The Company has a credit arrangement with IBM Credit Corporation pursuant
to which it may borrow up to 85% of its eligible receivables and 100% of
eligible inventory up to a maximum of $27,500,000. In addition to the permanent
credit line, there are various credit line uplifts during the year, which can
increase the line of credit by as much as 50%. As of June 30, 1999, interest on
outstanding borrowings was prime or prime plus 6.5% should the Company fail to
meet certain collateral requirements. Throughout fiscal 1998 and the first nine
months of fiscal 1999, the Company has been in a positive collateral position
with IBM Credit. The Company believes that its present line of credit with IBM
Credit Corporation, coupled with its current earnings capacity, will be
sufficient to meet its capital and operational requirements for at least the
next twelve months.
Year 2000 Compliance
The Year 2000 issue is the result of computer programs being written using
two digits rather than four to define the applicable year. The Company's
computer equipment, software and devices with embedded technology that are
time-sensitive may recognize a date using "00" as the year 1900, rather than the
year 2000. This could result in a system failure or miscalculation causing
disruptions of operations, including, among other things, a temporary inability
to process transactions, send invoices, or engage in normal business activities.

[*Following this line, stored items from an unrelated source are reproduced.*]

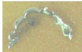
Figura 4. Estructura metálica con

La parte técnica se realizó sobre un modelo de yeso (Fig. 5) por los métodos convencionales y obtener un puente resistente apoyado sobre las caras linguales vecinas, que se corroboró en la prueba de la estructura metálica. Al obtener un puente estéticamente aceptado por el paciente y el profesional se procedió a la fijación del mismo con resinas autocuradas, sin realizar cavidades
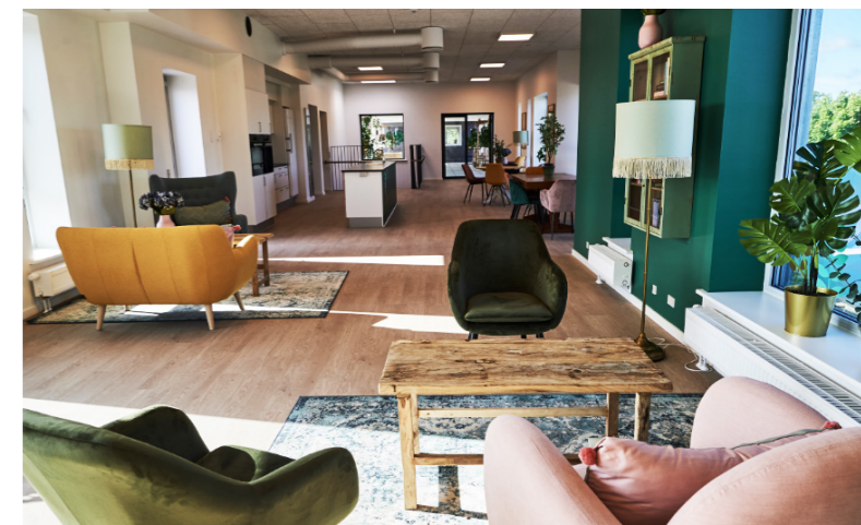
Projekt ocenený v rámci NEB Prizes 2023

Foto: Aalborg East: From isolated to inclusive
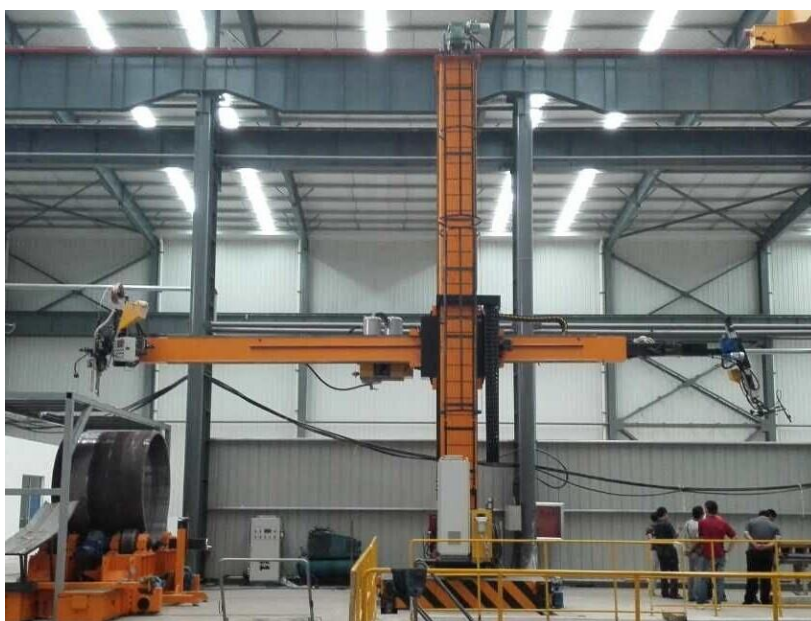
图 5：现场环缝焊接过程
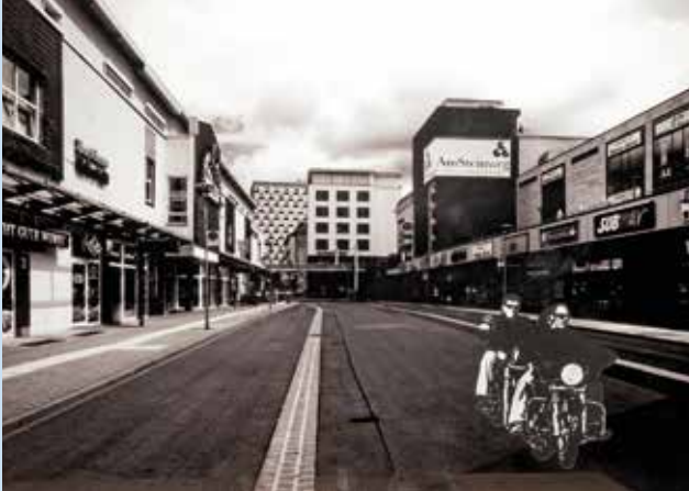
Gaasch/Müller: Leergefegt (Suhl) 2013
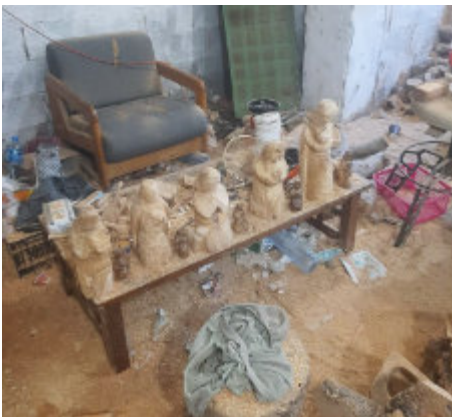
Krippenfiguren aus Olivenholz
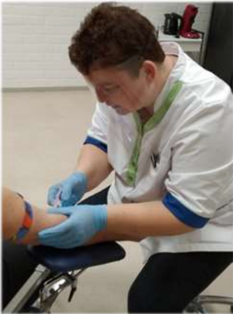
Afb. 3 Bloedprikken in coronatijd

< Afb. 2 Medewerker bloedafname met prik- en transportkoffer
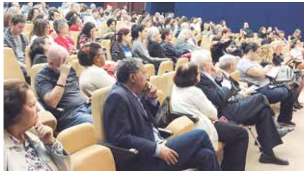
Aspecto da plateia durante a jornada interdisciplinar Holocausto e Direitos Humanos
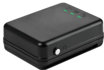
跟踪器主机及固定支架
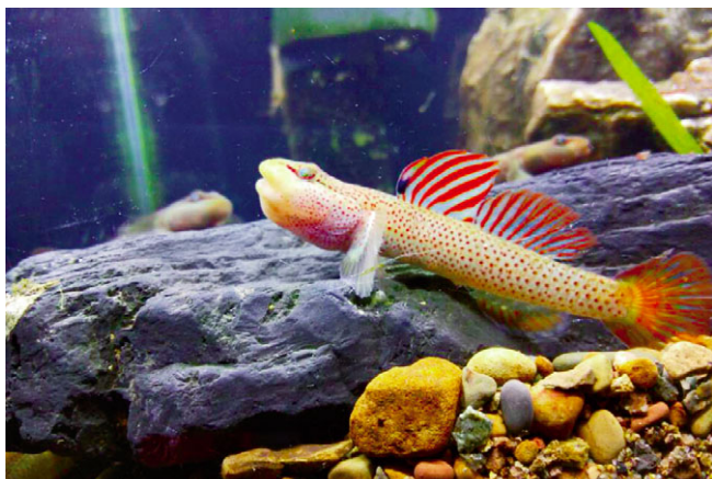
仅仅杭州的神农吻鰕虎，就有那么多令人眼花缭乱的表现
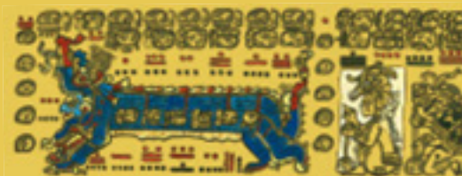
Detall del Còdex de Dresden amb Itzamná a la boca del drac celestial.

Els maies tenien un complex sistema d'escriptura que combinava logogrames i glifs sil·làbics, similars als de l'escriptura japonesa.
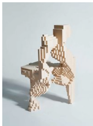
EZCT Architecture & Design Research Studies on Optimization: computational chair design using genetic algorithms , 2004 Programmation C++, algorithmes génétique et calcul de structure : Hatem Hamda, Marc Schoenauer (INRIA Futurs - projet TAO) Xd3d Software (logiciel de visualisation & de calcul par la méthode des éléments finis, License publique générale GNU) : François Jouve (Ecole Polytechnique) Programmation Mathematica EZCT Architecture & Design Research, © 2004

The Company has undertaken various initiatives intended to ensure that its
computer equipment and software will function properly with respect to dates in
the year 2000 and thereafter. For this purpose, the term "computer equipment and
software" includes systems that are commonly thought of as information
technology ("IT") systems, including accounting, data processing and scanning
equipment.
Based upon its identification and assessment, the Company has replaced or
modified some of its computer equipment and software that it had identified as
not year 2000 ready. In addition, in the ordinary course of replacing computer
equipment and software, the Company attempts to obtain replacements that it
believes are Year 2000 compliant. Utilizing internal resources to identify and
assess needed Year 2000 remediation, the Company began its Year 2000
identification, assessment, remediation, and testing efforts in October 1997. As
of June 4, 1999, the Company has completed final testing and is now 100% year
2000 ready.
The Company believes that the cost of its Year 2000 identification,
assessment, remediation, and testing efforts, as well as the anticipated costs
to be incurred by the Company with respect to Year 2000 issues of third parties,
will not be material. The Company presently believes that the Year 2000 issue
will not pose significant operational problems for the Company. However, if all
Year 2000 issues are not properly identified, or assessment, remediation, and
testing are not effected timely with respect to Year 2000 problems that are
identified, there can be no assurance that the Year 2000 issue will not
materially adversely impact the Company's results of operations or adversely
affect the Company's relationships with customers, vendors or others.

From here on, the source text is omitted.